The Bitter End Nightclub
Greenwich Village, NY
April 1977

“Would you loosen up?” Charlene shouted at her over the music. “How are we supposed to find you a man if you stand in the corner and glower all night?”

I had a man, Nikki wanted to say. He’s dead. But she just shrugged. “Do your thing. I’ll be here.”

Charlene, well on her way to being healthily lit, tittered and drifted towards the bar. Nikki examined her uninspiring drink, took a sip.

She should be back at the apartment, talking strategy with her Watcher and pinning Robin’s latest drawings on the refrigerator. Gregory had encouraged her to go out, in that restrained British way of his – only fifteen years older than she, with a face that was still boyish although tempered by loss. When she left, he and Robin were immersed in Lincoln Logs.

Did Gregory ever wish he could do this? Nikki wondered. The Bitter End wasn’t his style – he preferred sultry, smoky jazz – but surely he missed the personal life that had diminished when he became a Watcher, and evaporated utterly when he took his widowed Slayer and her child into his sedate bachelor’s home.

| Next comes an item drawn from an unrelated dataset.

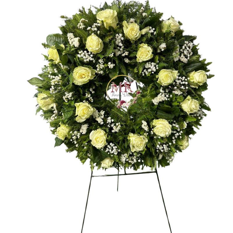 Corona de Condolencias 18 Rosas Blancas con Atril

I’m sorry, Greg, she thought. I’m sorry that I fell in love and failed my calling. I’m sorry I left Robin fatherless. I’m sorry you’ve sacrificed so much for a Slayer without a soul.

Nikki rubbed the back of her neck and tried to banish the memories. She was restless tonight, senses on alert for no reason she could discern. Maybe she was just rusty at socializing. After all, she hadn’t gone out like this since Reese’s death. If he was here now, by her side, she’d be laughing like Charlene, gazing up at him adoringly like Charlene gazed at…

Nikki focused on the scene at the bar. Charlene had sidled up to a pale, smirking punk with ridiculous hair and frigid, frigid eyes. Honestly, Char. How do you find them?

As she watched, the punk gathered Charlene close, his hand wandering down to cup her ass. Charlene shrieked delightedly – silent to Nikki’s ears – and leaned in closer to him. He dropped his head to nuzzle the side of her neck. But even as he did it he glanced up, caught Nikki’s attention. He eyed her, lazily, seductively, while his lips grazed Charlene’s throat.

Nikki grimaced. You’ve gotta be kidding me. She was about to look away in distate, when the punk’s face shifted. Brow furrowed monstrously, fangs elongating as they sank into Charlene's neck, pulling her tight as she started to squirm.

“No!” Nikki cried, but her words were lost amid the thumping bass and roar of guitar. She dropped her drink, pushing forward into the throng of bodies. They moved aside, but languorously, bestowing dazed smiles and leers on her as she shoved past.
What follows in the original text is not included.